There were no conspicuous changes in F₀ in Ge-treated embryos. Since F₀ provides a relative measure of chlorophyll a content, we conclude that Ge apparently had no effect on synthesis or degradation of this pigment. The direct measurements of photosynthetic pigment content in Fucus embryos support this conclusion, for even after 10 days there was no difference between control and experimental conditions in chlorophylls a and c and total carotenoids.

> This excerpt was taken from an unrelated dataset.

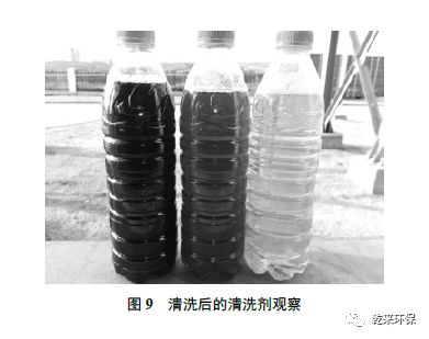 圖8 中A、B 膜片在清洗前發(fā)現(xiàn)有大量膠狀有機(jī)物,通過化學(xué)清洗后可以恢復(fù)潔白(如圖8C 所示),清洗出來的殘余物D 為塊狀物質(zhì)。因而化學(xué)清洗可以令膜再生。但實(shí)際上該膜組的清洗程度并不夠。通過對該項(xiàng)目正運(yùn)行的膜組連續(xù)進(jìn)行三次化學(xué)清洗,每次對清洗浸泡液取樣觀察(見圖9)。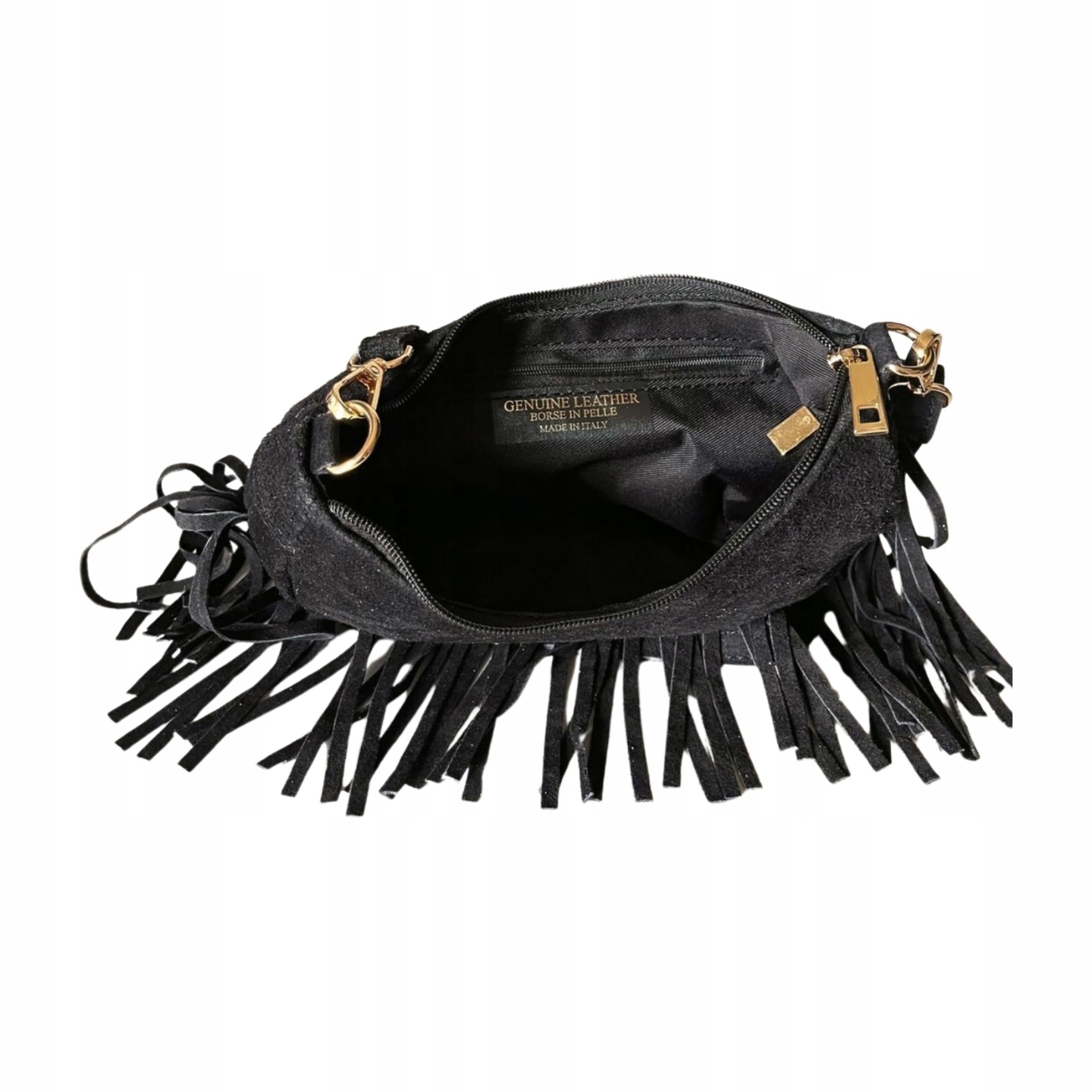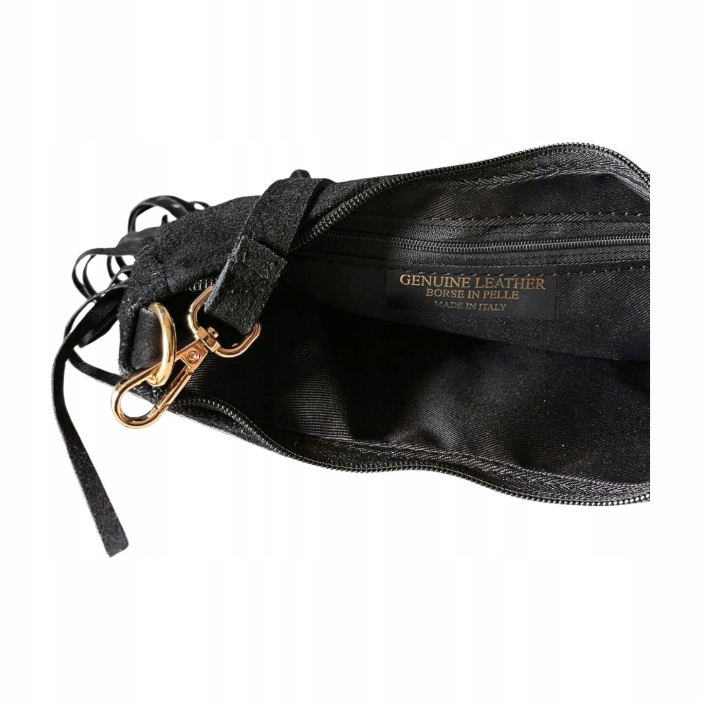 Vera Pelle - Włoska czarna zamszowa torebka.

While maximum quantum yield and rETR_max significantly increased in Ge-treated embryos during the first 5 days AF, at the same time, total growth was reduced and highly abnormal. This seems counterintuitive; however, Lewin (1966) showed that GeO₂, though extremely deleterious for diatoms, had no negative influence on energy metabolism of the cells, and even at 400 mg L^-1 GeO₂, cell respiration did not decrease. Shea and Chopin (2007) also reported that low concentrations of GeO₂ (up to 0.5 mg L^-1) might sometimes have a slightly positive effect on growth of brown algae. After 5 days, F_v/F_m and rETR_max significantly decreased in Ge-treated embryos, relative to control. This effect may reflect the morphological observations of embryos. Normally, apical hairs form at this stage of embryo development. We showed that Ge-treated embryos failed to form normal hairs, though they previously formed primary and secondary rhizoids. Thus Fucus embryos can develop (though highly abnormally) in the presence of Ge, up to about the 5-6 days AF. Subsequently, development nearly ceases, embryos never form normal apical hairs, and embryo disintegration occurs. McLachlan et al. (1971) observed apical necrosis in older Fucus embryos treated with Ge. The decline of photosynthetic processes may also reflect this general collapse of embryo development. At 5 days AF, F_v/F_m in control embryos reached a steady-state, suggesting that electron transport processes and coupled biochemical reactions in the Calvin cycle were equilibrated (Roha？ek 2002). This was not the case in Ge-treated embryos where it was not the structural components of the photochemical part of the assimilation apparatus (e.g., pigments) that were affected, but the processes maintaining the balance between electron transport and carbon reduction.

The developmental abnormalities of Fucus that result from exposure to GeO₂ support the notion that Ge is interfering with essential cell processes including growth rate, morphogenesis, and to a lesser extent, photosynthesis. The affects of Ge in Phaeophyceae as shown here are more complex than previously considered and warrant further study.